A comforting casserole with noodles, chicken, and veggies in a creamy and cheesy sauce.
Ingredients :
2 tablespoons salted butter
1 small onion diced
2 ribs celery diced
2 medium carrots diced
6 tablespoons all-purpose flour
1 teaspoon garlic powder
½ teaspoon poultry seasoning
½ teaspoon salt
¼ teaspoon dried thyme leaves
¼ teaspoon black pepper to taste
3 cups chicken broth
1 cup milk
4 ounces cream cheese block, not spreadable
1 cup shredded sharp cheddar cheese 4 oz
15 ounces medium egg noodles 1 package
4 cups cooked shredded chicken or chopped chicken
1 ½ cups frozen peas thawed
Topping
½ cup shredded cheddar cheese 2 oz
⅔ cup Panko bread crumbs
2 tablespoons melted butter
Directions :
Preheat the oven to 350°F. Grease a 9×13 baking dish and set aside. Fill a large pot with water and bring to a boil.

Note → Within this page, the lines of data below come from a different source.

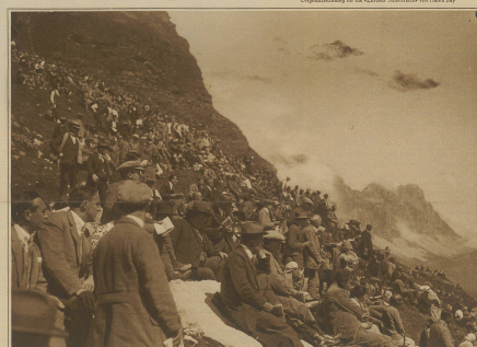
Die dichtgedrängte Zuschauermenge auf einem Felskopf oberhalb der Vorfrutt
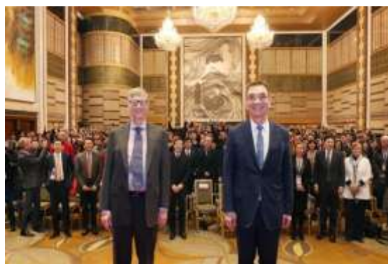
盖茨和林毅夫与现场师生合影留念
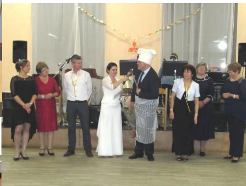
Zdařilý a zábavný Křesťanský ples
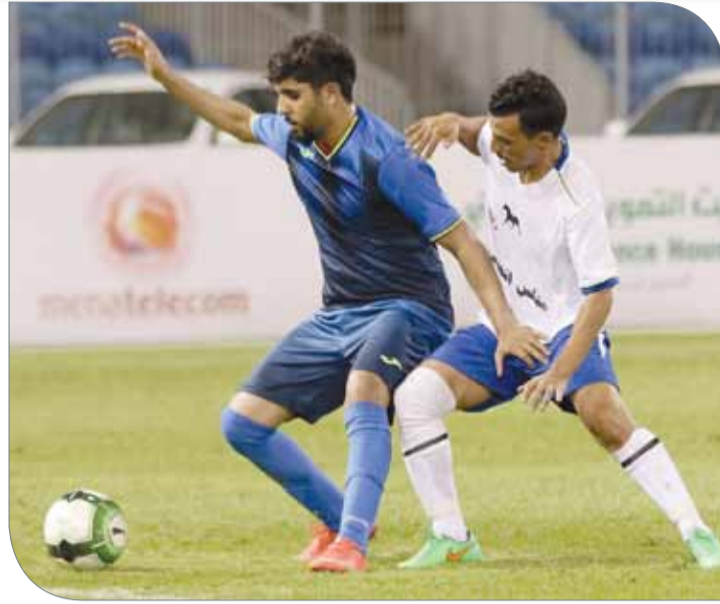
من لقاء الحصان الأسود والزعيم

بالتعادل الإيجابي بهدف لمثله بين الفريقين ليخرج كل فريق بنقطة واحدة، لتكون فرق المجموعة الرابعة في دورة ناصر 10 جميعها

In a medium saucepan, add 2 tablespoons butter and melt over medium heat. Stir in onion, celery, and carrot, cooking until softened, about 5 minutes.

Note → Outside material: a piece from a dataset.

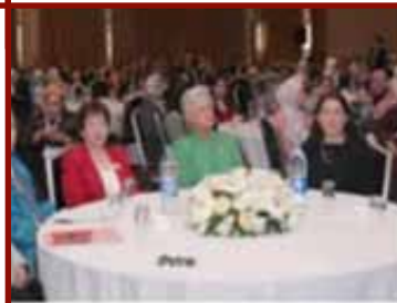
التمريض في الأردن: من أجل جودة الرعاية الصحية

Add flour, garlic powder, poultry seasoning, salt, thyme, and pepper, and cook for an additional 2 minutes.
Gradually add broth and milk, whisking after each addition until smooth. Cook over medium heat until bubbly and thickened.
Remove from the heat and stir in cream cheese and cheddar cheese until melted and smooth.
Cook the egg noodles 1 minute less than directed on the package. Drain well. Combine chicken, noodles, peas, and sauce. Transfer the mixture to the prepared baking dish.
Combine topping ingredients and sprinkle over noodles.
Bake for 25 to 30 minutes or until heated through and golden on top.